◆ Task details: Write out, word for word, each line from the start of the entries through the one holding "Sample* Stoneware Dove"; omit the pictures.

◆ Saved entries:
^^^^^^^^^^^^^^^^
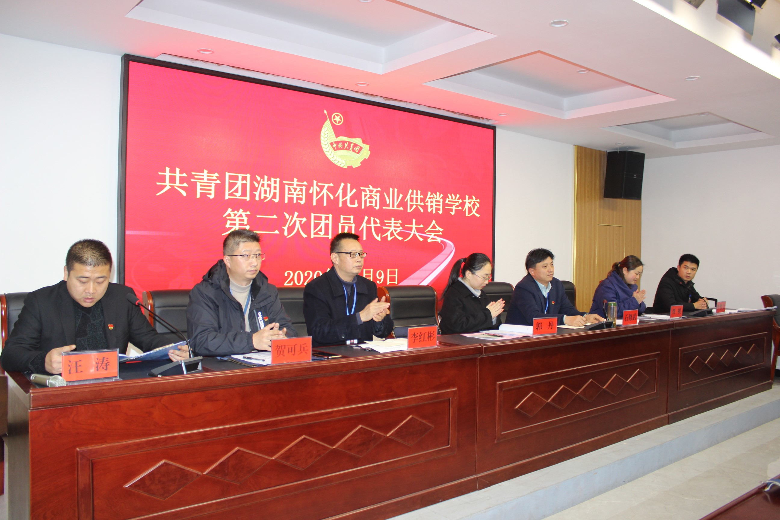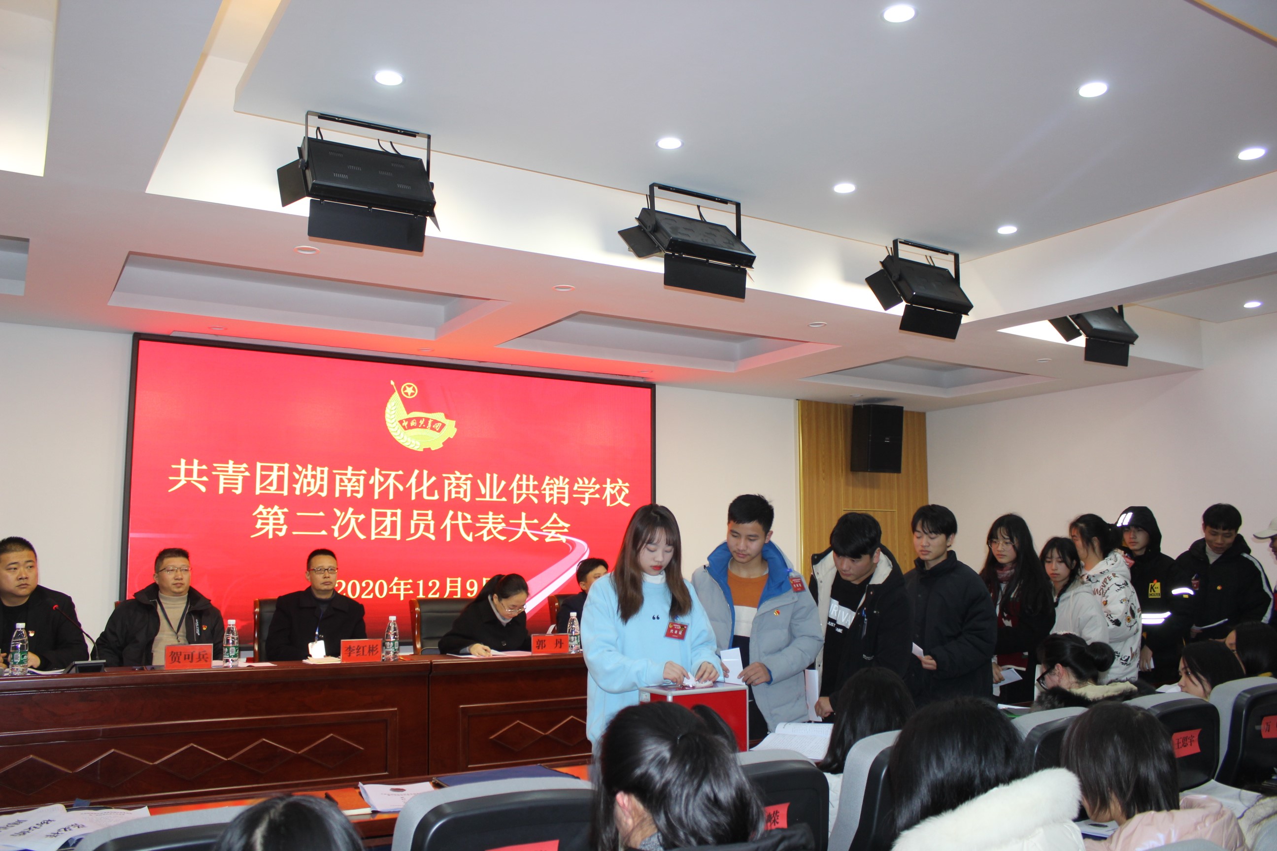 129日,共青團(tuán)湖南懷化商業(yè)供銷學(xué)校第二次團(tuán)員代表大會在莊嚴(yán)的中華人民共和國國歌聲中拉開序幕,共青團(tuán)懷化市委員會副書記郭丹同志、學(xué)少部劉禎同志,湖南懷化商業(yè)供銷學(xué)校黨委書記石修武同志,黨委副書記、校長李紅彬同志,黨委委員、副校長賀可兵同志,第一屆團(tuán)委書記李勝文同志,以及100名團(tuán)員代表參加此次會議。
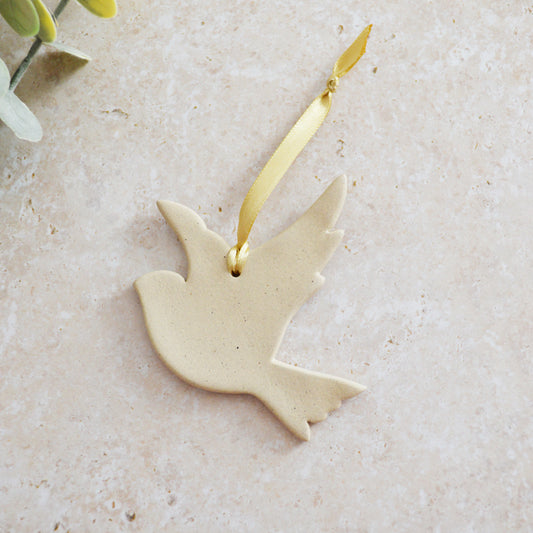 Sample* Stoneware Dove | Beige| Hanging Decoration | Christmas Decor | Tree Ornament (B9)
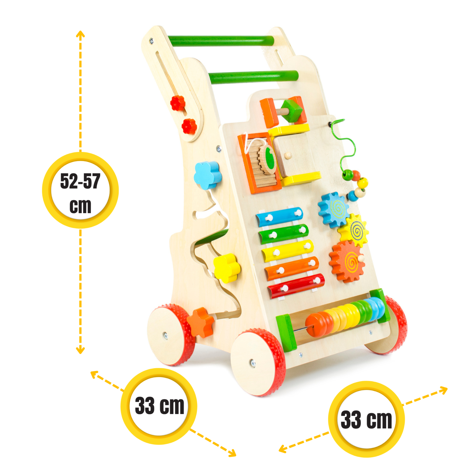 ☑️ Nauka chodzenia jeszcze nigdy nie była tak fascynująca! Ten drewniany pchacz to nie tylko wsparcie dla malucha w stawianiu pierwszych kroków, ale także prawdziwe centrum edukacyjnej zabawy. Każda ze ścian kryje inne atrakcje, które angażują dziecko i rozwijają jego zdolności manualne. Ruchome elementy, dźwięki, kolory – wszystko po to, by maluch czuł się jak odkrywca! Do tego antypoślizgowe koła, bezpiecznie zaokrąglone rogi i regulowana rączka sprawiają, że towarzyszy dziecku na każdym etapie nauki chodzenia. A na koniec? Schowek na ulubione zabawki, bo wiadomo – skarby trzeba mieć zawsze przy sobie! ♥️
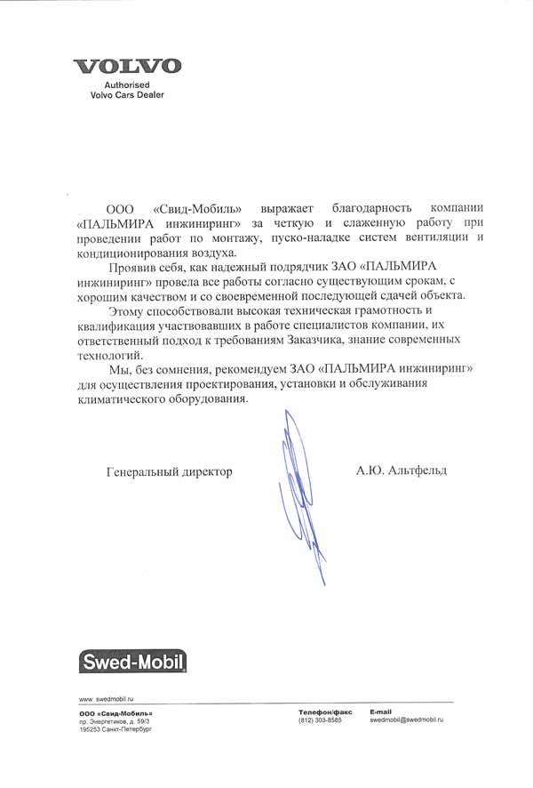OOO «Свид-Мобиль» выражает благодарность компании «ПАЛЬМИРА инжиниринг» за четкую и слаженную работу при проведении работ по монтажу, пуско-наладке систем вентиляции и кондиционирования воздуха.
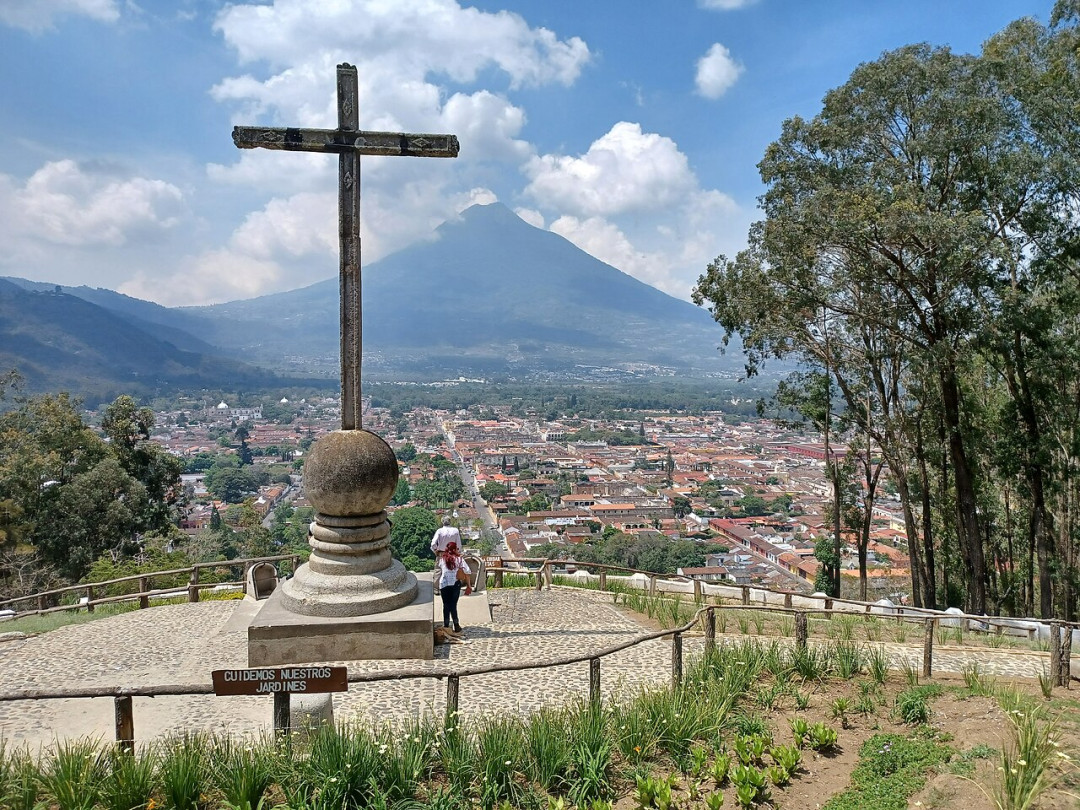 Cerro de La Cruz — холм со смотровой площадкой, откуда можно увидеть панораму лежащего внизу Антигуа и величественные вулканы — Агуа, Фуэго и Акатенанго, которые возвышаются на противоположной стороне города. Вершину холма венчает большой каменный крест, установленный в 1930 году. Подняться на холм можно на автомобиле или пешком по лестнице. На площадке стоят скамейки, работает кафе, сувенирный магазин и киоск, где можно купить еду и устроить пикник в видом на вулканы.
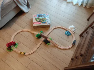 Conjunto de tren de madera con vías y accesorios para crear un circuito. Con su caja original, poco uso. - Vías de madera curvas y rectas. - Puente. - Árboles. - Casa. - Trenes pequeños. - Personajes
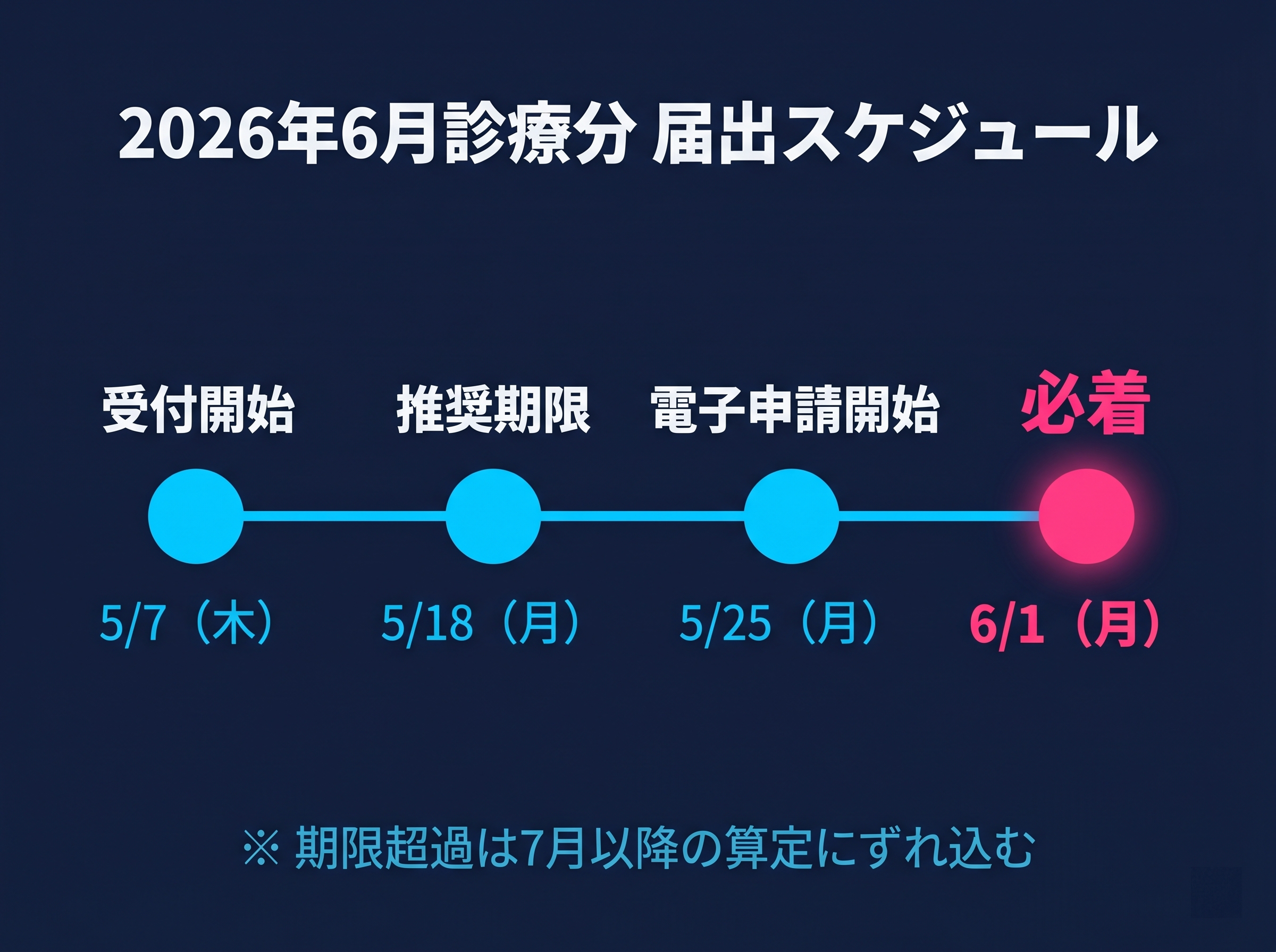 同じ事務連絡では、「令和8年5月下旬以降に地方厚生(支)局等の窓口は届出が集中し、混雑が予想されることから、可能な限り令和8年5月18日までの届出に努めること」とされています。また、電子申請は5月25日から受付開始 とされているため、書面提出の医療機関と電子申請の医療機関で提出タイミングが並ぶ点も意識しておくと良いでしょう。
^^^^^^^^^^^^^^^^
◆ Expected output:
 129日,共青團(tuán)湖南懷化商業(yè)供銷學(xué)校第二次團(tuán)員代表大會在莊嚴(yán)的中華人民共和國國歌聲中拉開序幕,共青團(tuán)懷化市委員會副書記郭丹同志、學(xué)少部劉禎同志,湖南懷化商業(yè)供銷學(xué)校黨委書記石修武同志,黨委副書記、校長李紅彬同志,黨委委員、副校長賀可兵同志,第一屆團(tuán)委書記李勝文同志,以及100名團(tuán)員代表參加此次會議。
 Sample* Stoneware Dove | Beige| Hanging Decoration | Christmas Decor | Tree Ornament (B9)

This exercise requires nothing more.